• DATA SHOWN:
== Segment start ==
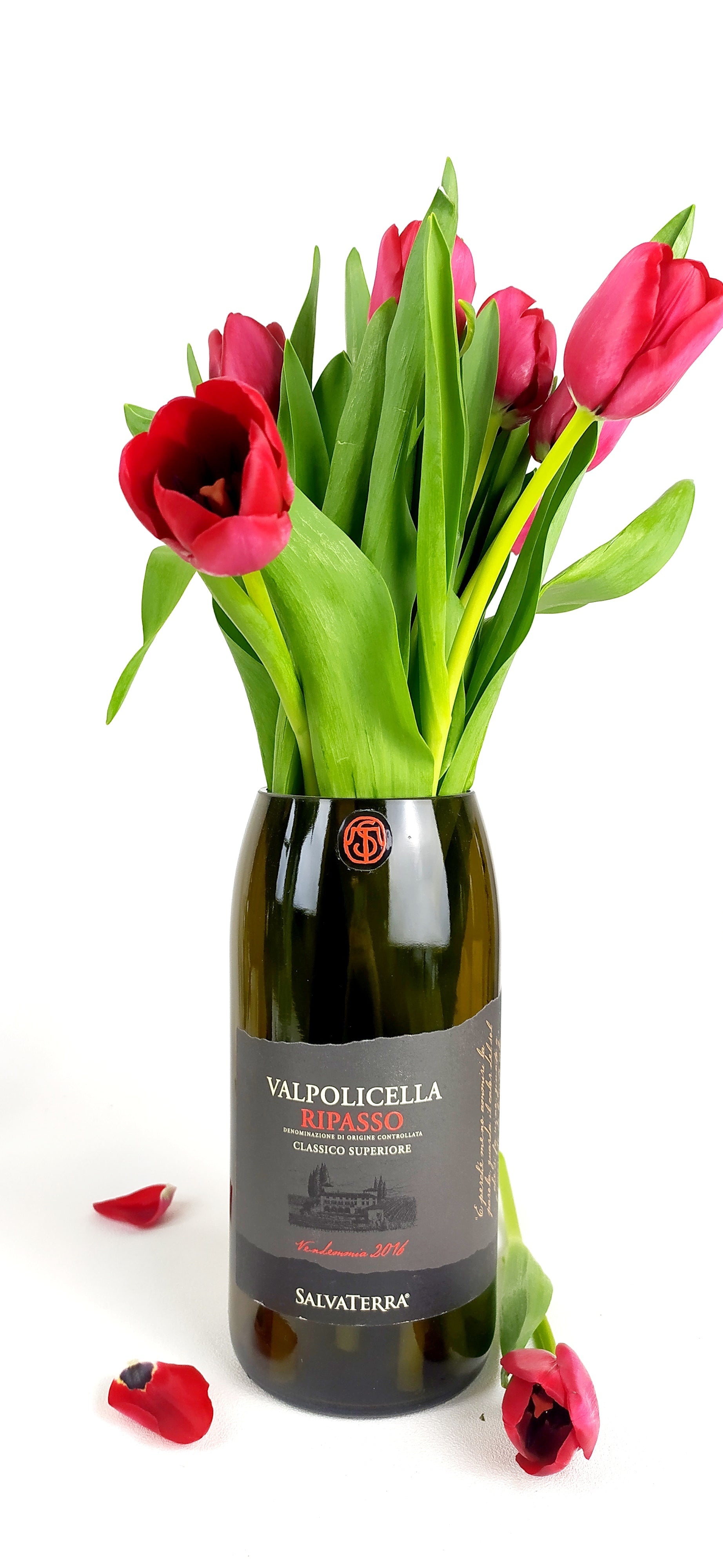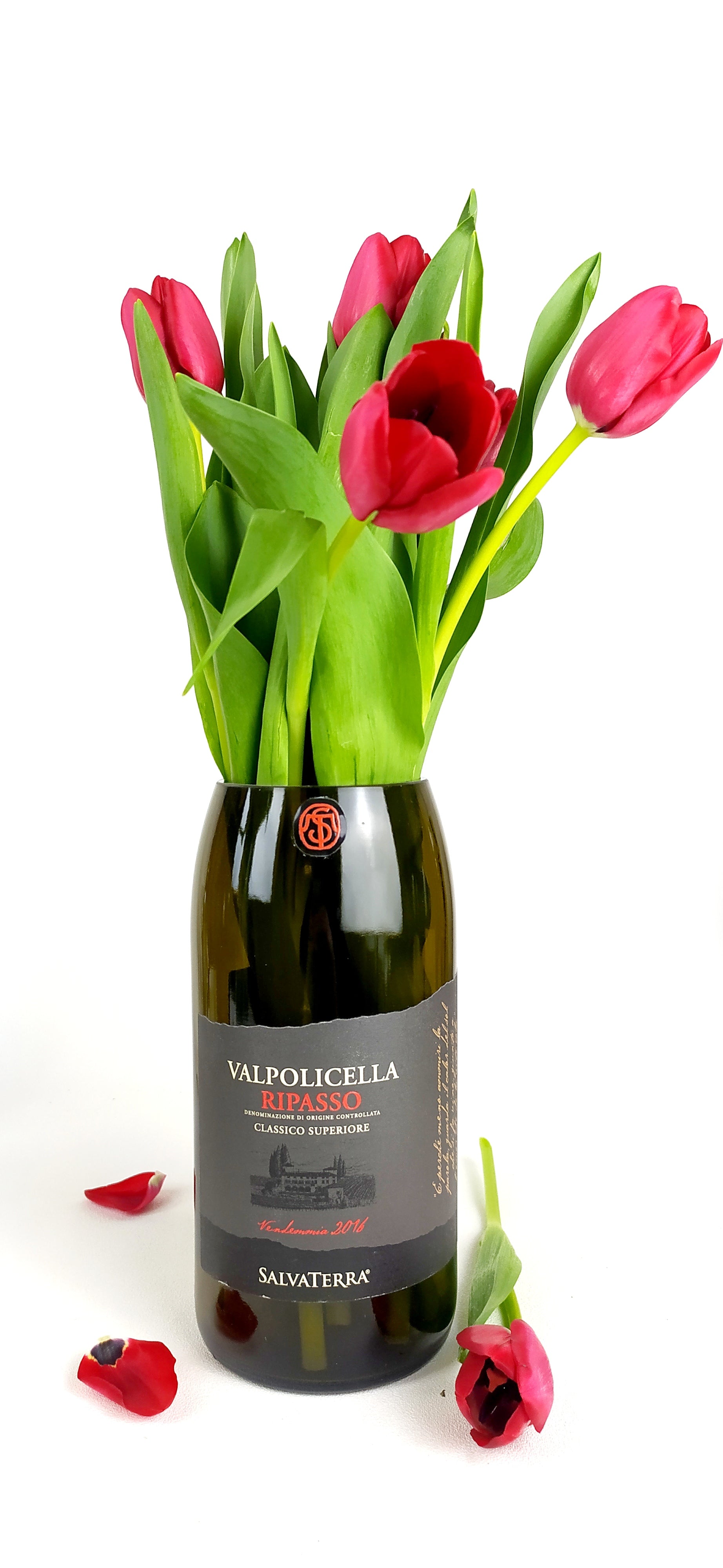 Vaso da fiori realizzato con bottiglia di Valpolicella Ripasso.
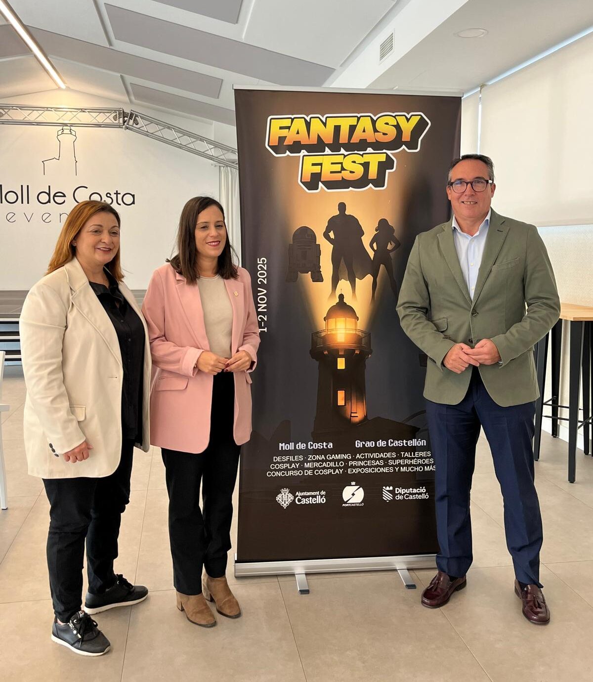 El presidente de la Autoridad Portuaria, Rubén Ibáñez, ha presentado hoy, junto a la teniente alcalde del Grao, Ester Giner, el festival ‘Fantasy Fest 2025’, una gran cita para el ocio infantil, juvenil y familiar, que tendrá lugar los días 1 y 2 de noviembre en la zona lúdica de PortCastelló. En la rueda de prensa ha participado también, Ana Rosa Sanfeliu, representante de la organización del Festival que ha detallado las actividades y la programación del evento.
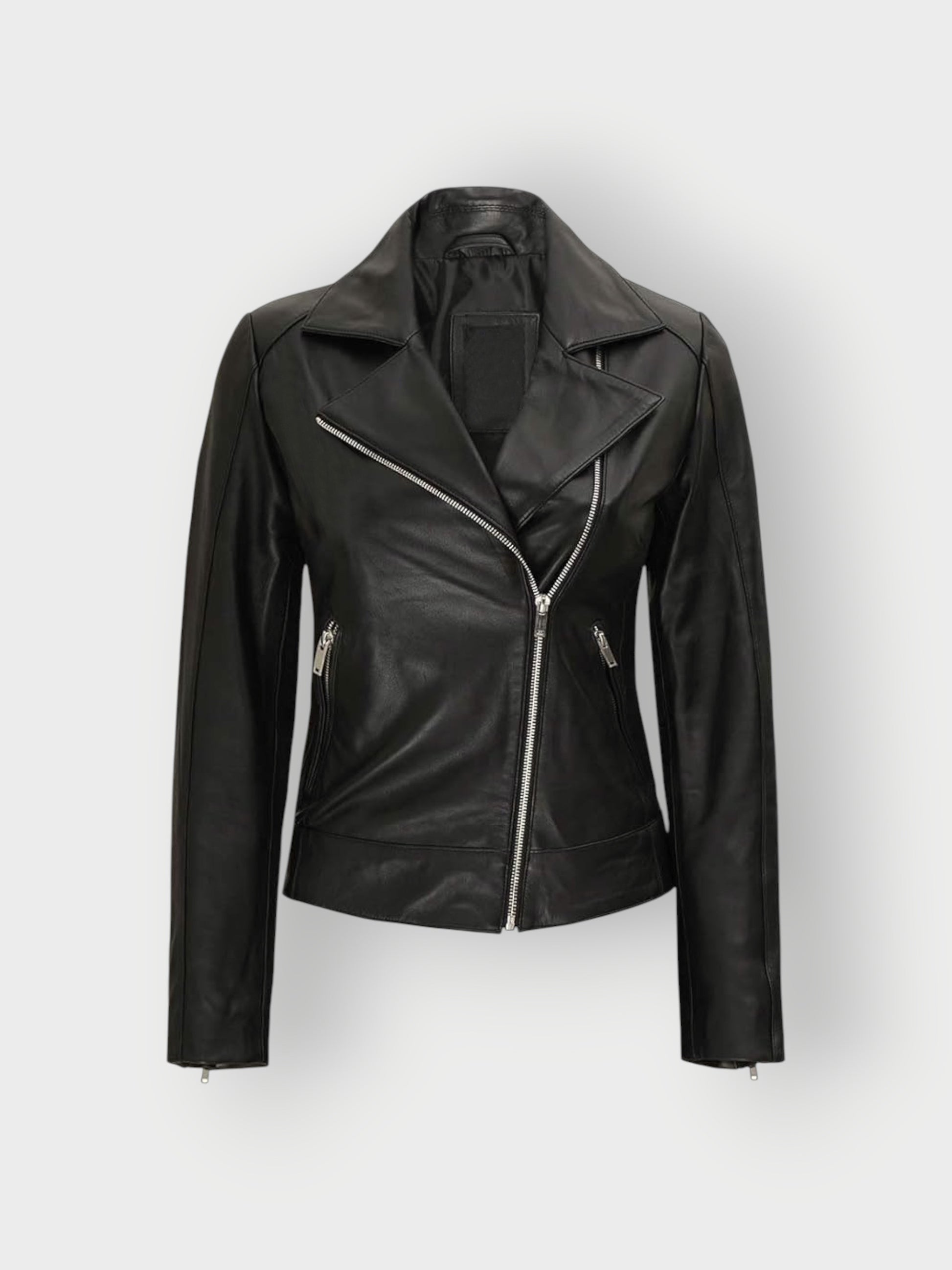 Some pieces are simply legendary, and this is one of them. Our women's black biker leather jacket gives you instant, confident style with its iconic asymmetrical zip and sharp lapel collar. Crafted from smooth, genuine leather, the tailored fit keeps your look sleek and feminine while still packing a punch. It's the ultimate piece to transform any outfit from basic to bold.
== Segment end ==
• EXERCISE DETAILS:
If the listing above includes images, copy every line of it exactly except those images.

• RESULT:
 Vaso da fiori realizzato con bottiglia di Valpolicella Ripasso.
 El presidente de la Autoridad Portuaria, Rubén Ibáñez, ha presentado hoy, junto a la teniente alcalde del Grao, Ester Giner, el festival ‘Fantasy Fest 2025’, una gran cita para el ocio infantil, juvenil y familiar, que tendrá lugar los días 1 y 2 de noviembre en la zona lúdica de PortCastelló. En la rueda de prensa ha participado también, Ana Rosa Sanfeliu, representante de la organización del Festival que ha detallado las actividades y la programación del evento.
 Some pieces are simply legendary, and this is one of them. Our women's black biker leather jacket gives you instant, confident style with its iconic asymmetrical zip and sharp lapel collar. Crafted from smooth, genuine leather, the tailored fit keeps your look sleek and feminine while still packing a punch. It's the ultimate piece to transform any outfit from basic to bold.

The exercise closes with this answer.